The training time and test time of sports training videos classified by three models with different data sets are counted. The comparison results are shown in Table 3.

The experimental results in Table 3 show that the classification speed of sports training video using the proposed model is the fastest, and the accurate classification results of sports training video can be obtained by using shorter training time and test time of the proposed model, which verifies that this model has higher classification efficiency of sports training video.

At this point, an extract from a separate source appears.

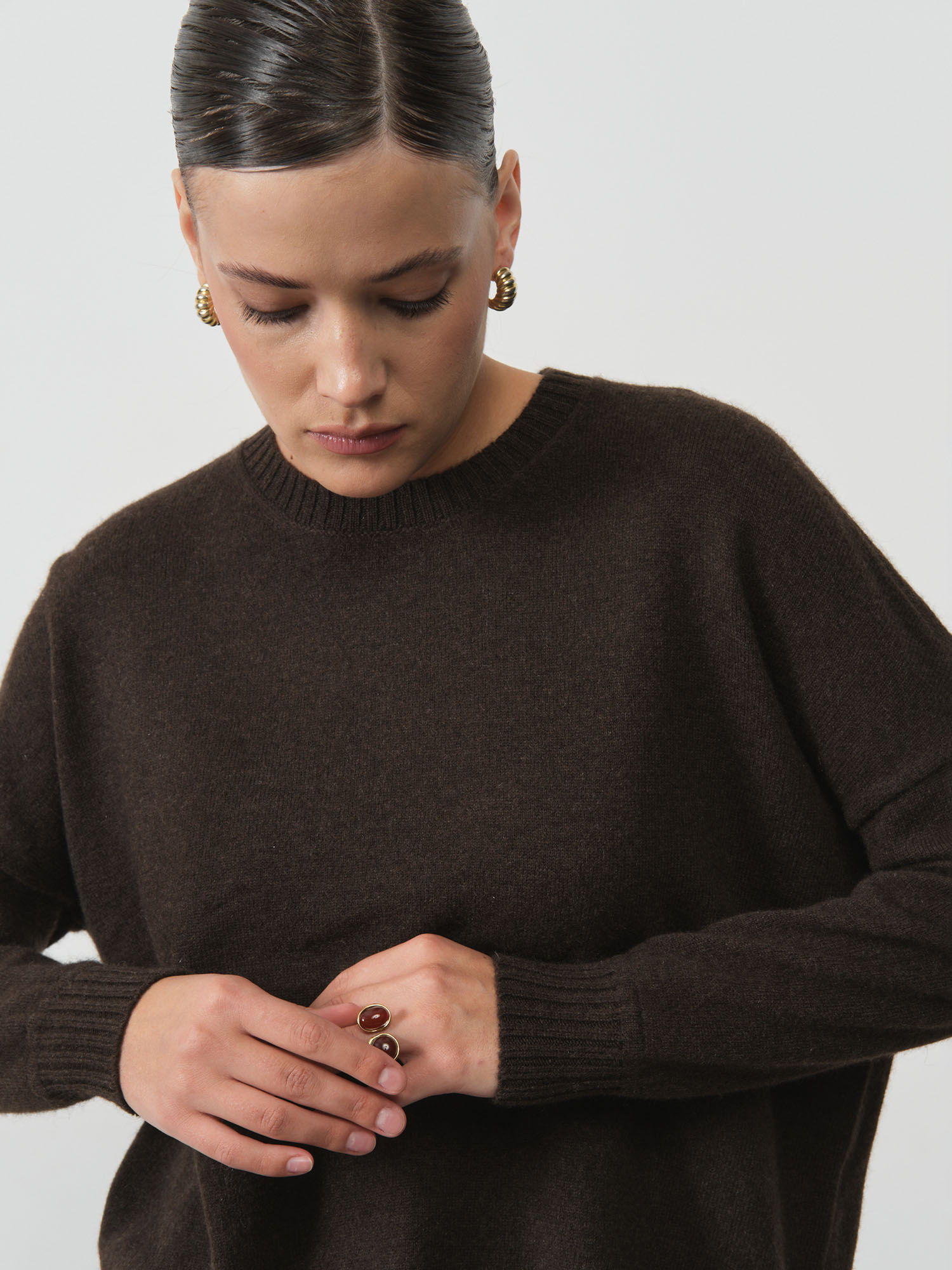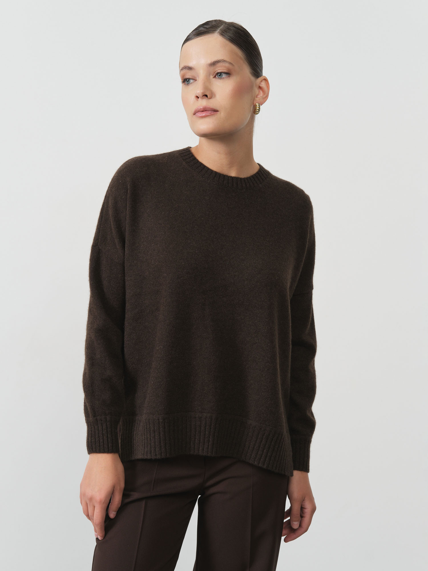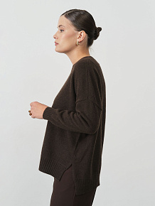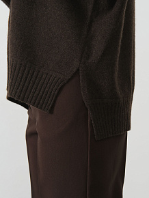 Модель выполнена в классическом прямом силуэте с круглой горловиной и гладкой вязкой. Минималистичный стиль подчёркивает благородную текстуру материала и делает изделие универсальным для разных образов.

The above experimental results show that the proposed model can accurately classify all kinds of sports training videos, which shows that this model has good classification performance. The main reason is that this model uses deep learning model to establish classification model, which can effectively improve the classification accuracy of sports training videos. For close range videos with similar categories, it still has high classification accuracy. This model has high accuracy and comprehensive performance in classifying all kinds of sports training videos.

#### 4. Conclusion

At present and with the passage of time, the amount of sports training video data in the Internet is growing rapidly. In order to effectively manage and retrieve sports training video, accurate classification of sports training video is very important for consideration. Aiming at the shortcomings of existing approaches of sports training video classification, this paper establishes sports training video classification model based on deep learning method. Convolution neural network with deep learning is used for the classification purpose in the proposed research. After classification, event matching operation is performed, and video classification is realized according to similarity. The experimental results show that the proposed model can effectively determine all kinds of sports training videos and accurately detect the occurrence of events through convolution neural network, so as to achieve high-precision classification of sports training videos. Compared with other models, the proposed model has the advantages of simple implementation, fast processing speed, high classification accuracy, high generalization ability, and adaptability.

#### Data Availability

The data used to support the findings of this study are available from the corresponding author upon request.

#### Conflicts of Interest

The authors declare that there are no conflicts of interest regarding the publication of this paper.